In a way, the Survey indicates the imperatives of policy while the Budget sets out the actual executive choice of instrumentalities for policy intervention by the Government.

Economic Survey 2000-01

In its broad overview of the macro-economy, the Survey notes the deceleration in the GDP growth rate (``mainly due to a decline in the growth rate of service sector''), the rising trend in inflation (``due to pressure from energy prices''), the growth in exports but the widening of the deficit on the BOP current account owing ``to the surge in India's oil import bill'' nevertheless with a build-up in forex reserves thanks to the India Millennium Deposits.

In its assessment of the current economic situation, the Survey gives priority to the evident slackening of the growth momentum deriving from a combination of adverse factors - agricultural stagnation, industrial slowdown, a vitiated investment outlook and high international oil prices - and compounded by the slowdown in the U.S. economy and the dislocation of the domestic economy caused by the earthquake in Gujarat. To say that Mr. Sinha's budget will be expected to address the need for stimulating economic growth will be to point to the obvious even though the devices which he will choose for the purpose can only be known on February 28.

Fiscal policy choices

The Economic Survey 2000-01, very much like its predecessors in recent years, regards ``the persistence of high fiscal deficit at the Central and State levels,'' as the key problem affecting the Indian economy.

The decline in tax revenue as a percentage of GDP mainly arising from a decline in customs revenues is only one aspect of the problem. As the Survey looks at it, the high rates of interest on pension and provident funds have also put pressure on the fiscal situation.

There is no easy way out. There are many ways of attacking the problem although it is not for the authors of the Survey to evaluate from among these different possibilities of containing the fiscal deficit. Much is expected from expenditure management although the Survey seems to discount a general downsizing of government as an effective method.

It is significant that the Survey maintains that much of the flab in the Central Government actually resides in the Central departmental public enterprises. A whole new approach to corporatisation and commercialisation of these enterprises and not the discredited route of disinvestment is what the Survey recommends. On subsidies, the Survey, as in the past years, pleads for reduction through efficient targeting of beneficiaries and goes as far as recognising the need to disband fertilizer subsidy. So is Mr. Sinha's hard option already decided?

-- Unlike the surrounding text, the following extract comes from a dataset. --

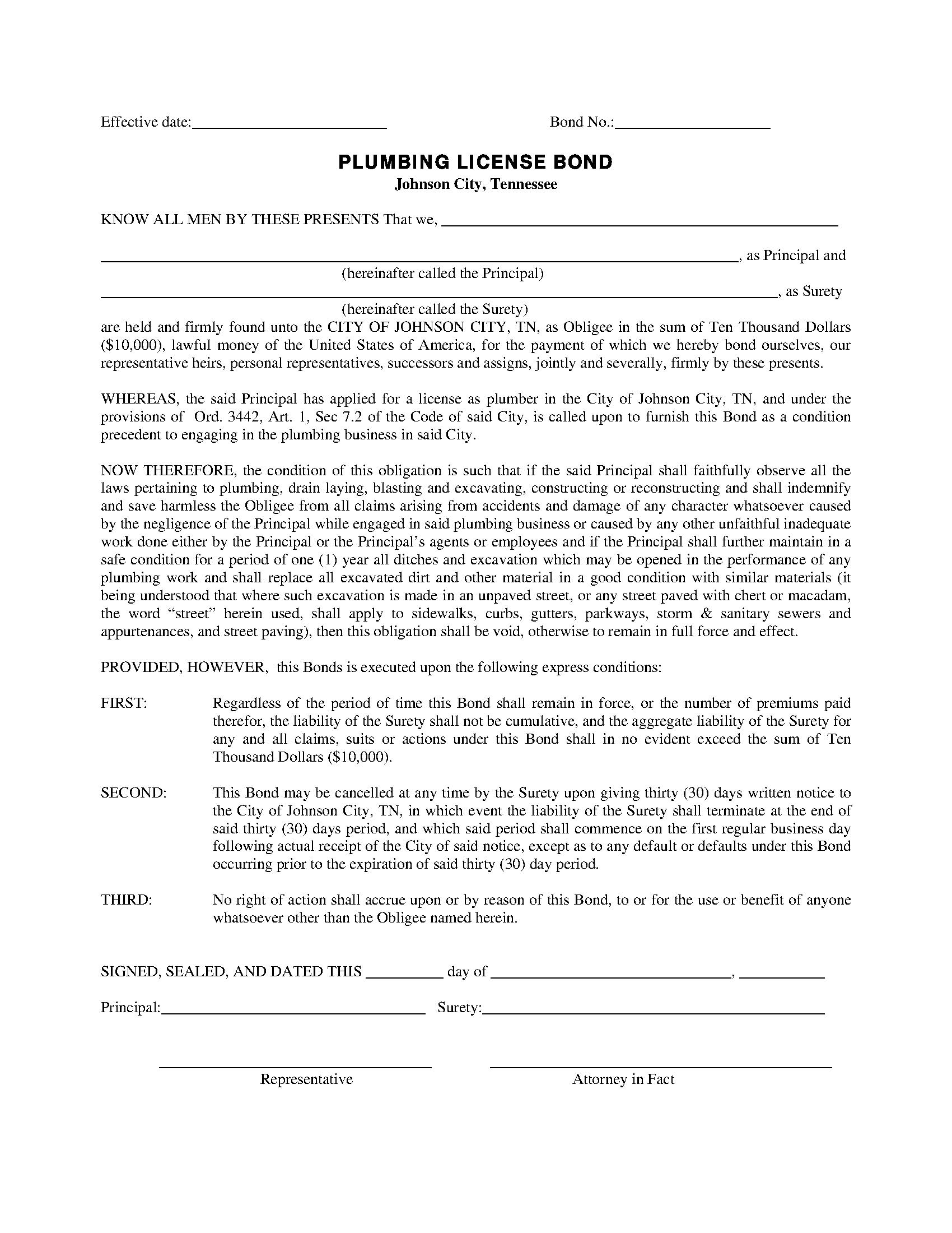The Tennessee City of Johnson City Plumbing License Bond starts at $100 plus shipping costs and fees. Fill out the form to buy your bond instantly!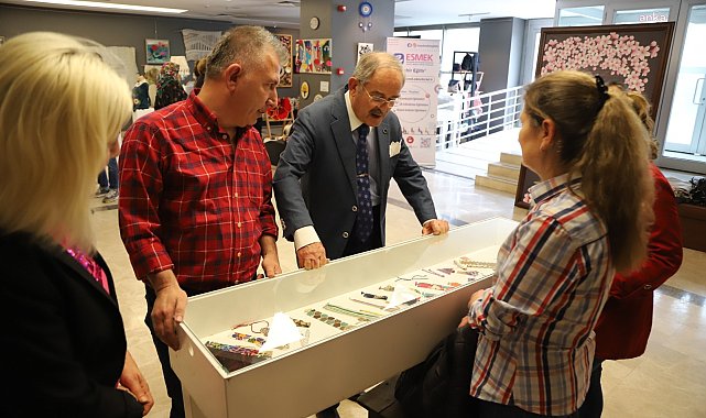 Eskişehir Büyükşehir Belediye Başkanı Yılmaz Büyükerşen, ESMEK kursiyerlerinin oluşturduğu 'Yeniden Doğuş ve Bahar' temalı Yansımalar Sergisi’ni ziyaret ederek eserleri inceledi.Eskişehir Büyükşehir Belediyesi Sanat Meslek Eğitim Kursları (ESMEK) kursiyerlerinin oluşturduğu ve bir gelenek haline gelen dönem sonu el sanatları karma sergisi ‘Yansımalar’, ziyaretçilerini ağırlamaya devam ediyor.“Yeniden Doğuş ve Bahar” temalı 900’den fazla ürünün sergilendiği, Büyükşehir Belediyesi Atatürk Kültür Sanat ve Kongre Merkezi’ndeki sergiye sanatseverler büyük ilgi gösterirken, Büyükşehir Belediye Başkanı Yılmaz Büyükerşen de bir ziyarette bulundu.Büyükşehir Belediyesi Genel Sekreteri Ayşe Ünlüce ile birlikte sergiyi gezen ve eserleri yakından inceleyen Büyükerşen, kursiyerleri ve eğitmenleri tebrik etti.Kadınların el emeği göz nuru eserlerini görmekten mutluluk duyduğunu belirten Başkan Büyükerşen, “Kursiyerlerin ortaya çıkardığı bu güzel eserler nedeniyle hem onları hem de eğitmenleri kutluyorum. ESMEK 2001 yılından bugüne 270 binden fazla kursiyere eğitim verdi. ESMEK, 9’u kırsal bölgede olmak üzere toplam 16 farklı kurs merkezi ile hizmetlerini sürdürüyor. Sadece kent merkezi değil ESMEK’leri Alpu, Beylikova, Çifteler, İnönü, Mahmudiye, Mihalgazi, Sarıcakaya ve Sivrihisar ilçelerimize de açarak hizmet vermeye devam ettik. Sadece 2023 yılında ESMEK kurslarından 266 branşta yaklaşık 21 bin kursiyer faydalandı. Yansımalar sergimizin oluşmasında emeği geçen herkesi tekrar kutluyorum. Herkesi bu güzel sergiyi 2 Haziran’a kadar görmeye davet ediyorum” dedi.Büyükerşen günün anısına çektirilen fotoğraf ile ziyaretini tamamladı.

For those who would be looking for signals in the Survey regarding the taxation package in the budget, there is this simple message about the recognition of stability in the tax regime as a vital ingredient in tax-compliance. The Survey talks about ``weeding out unjustifiable exemptions and deductions''. If this process is adequately attended to, who knows whether the hybrid arrangement called ``Minimum Alternative Tax'' (MAT) for successful corporates enjoying zero-tax status, should at all linger in the tax regime? All this apart, the Survey, in no sense, offers a conducted tour for the Finance Minister on the topography of tax reforms. What is Caesar's will, of course, belong to him!